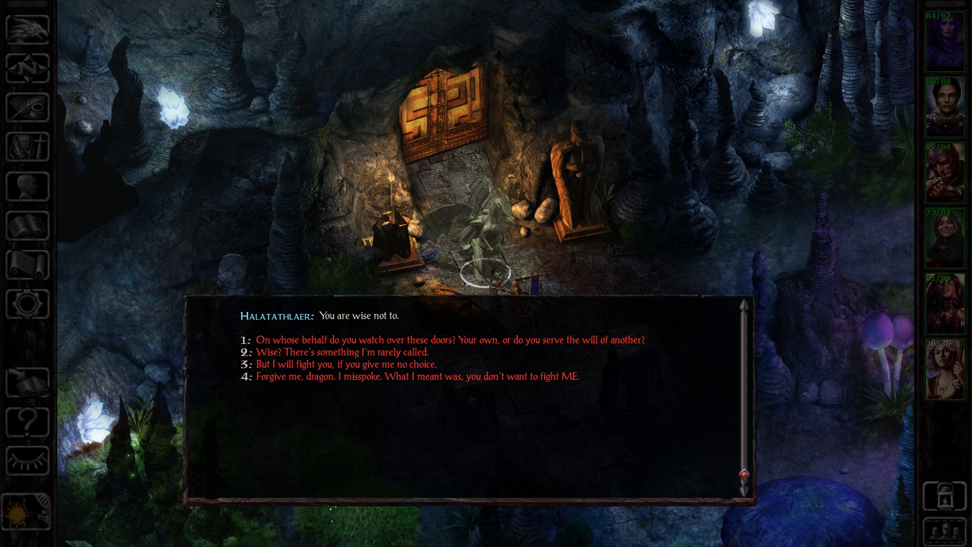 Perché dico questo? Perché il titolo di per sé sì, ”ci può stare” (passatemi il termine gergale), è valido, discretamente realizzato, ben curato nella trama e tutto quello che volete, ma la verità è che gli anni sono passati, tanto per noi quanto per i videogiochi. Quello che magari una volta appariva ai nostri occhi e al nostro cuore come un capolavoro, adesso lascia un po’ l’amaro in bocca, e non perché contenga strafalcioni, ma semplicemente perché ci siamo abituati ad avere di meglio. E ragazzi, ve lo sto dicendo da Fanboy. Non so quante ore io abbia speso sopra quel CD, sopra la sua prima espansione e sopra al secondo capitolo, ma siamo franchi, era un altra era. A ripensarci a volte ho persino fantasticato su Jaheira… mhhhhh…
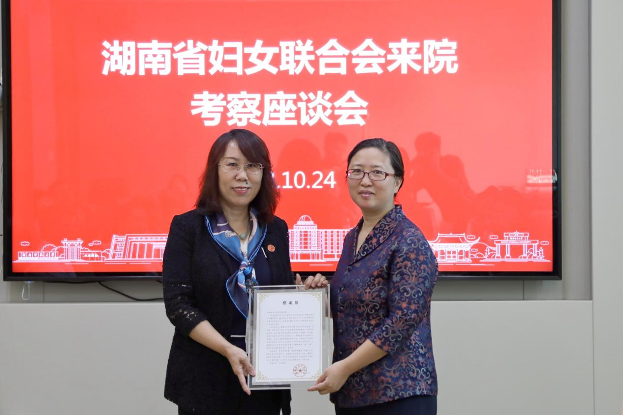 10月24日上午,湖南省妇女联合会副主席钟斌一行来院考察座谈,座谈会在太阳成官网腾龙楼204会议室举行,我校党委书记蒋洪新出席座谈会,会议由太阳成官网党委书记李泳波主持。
····················
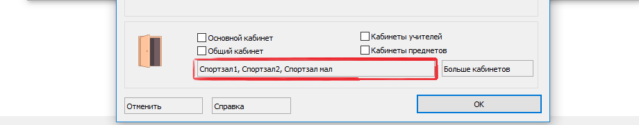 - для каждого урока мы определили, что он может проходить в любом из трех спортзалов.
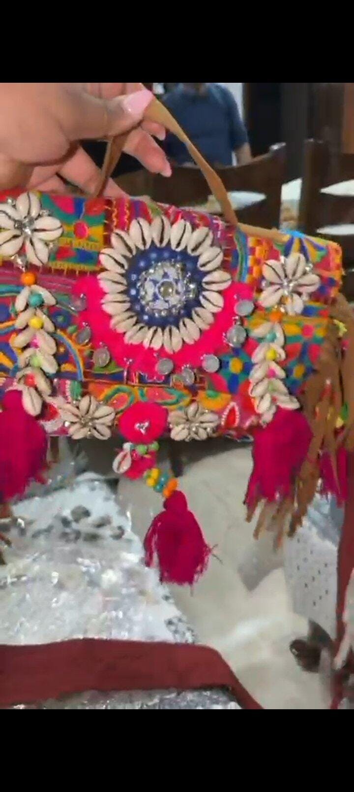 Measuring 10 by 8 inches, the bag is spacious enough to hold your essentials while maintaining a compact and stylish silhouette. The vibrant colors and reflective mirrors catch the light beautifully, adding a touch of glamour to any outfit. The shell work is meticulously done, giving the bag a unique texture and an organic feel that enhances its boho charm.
····················
Exercise brief - For this exercise, please set down exactly the lines of the listing above from the line with "- для каждого" up to and including the line with "Measuring 10 by", and no pictures.

Answer below -
 - для каждого урока мы определили, что он может проходить в любом из трех спортзалов.
 Measuring 10 by 8 inches, the bag is spacious enough to hold your essentials while maintaining a compact and stylish silhouette. The vibrant colors and reflective mirrors catch the light beautifully, adding a touch of glamour to any outfit. The shell work is meticulously done, giving the bag a unique texture and an organic feel that enhances its boho charm.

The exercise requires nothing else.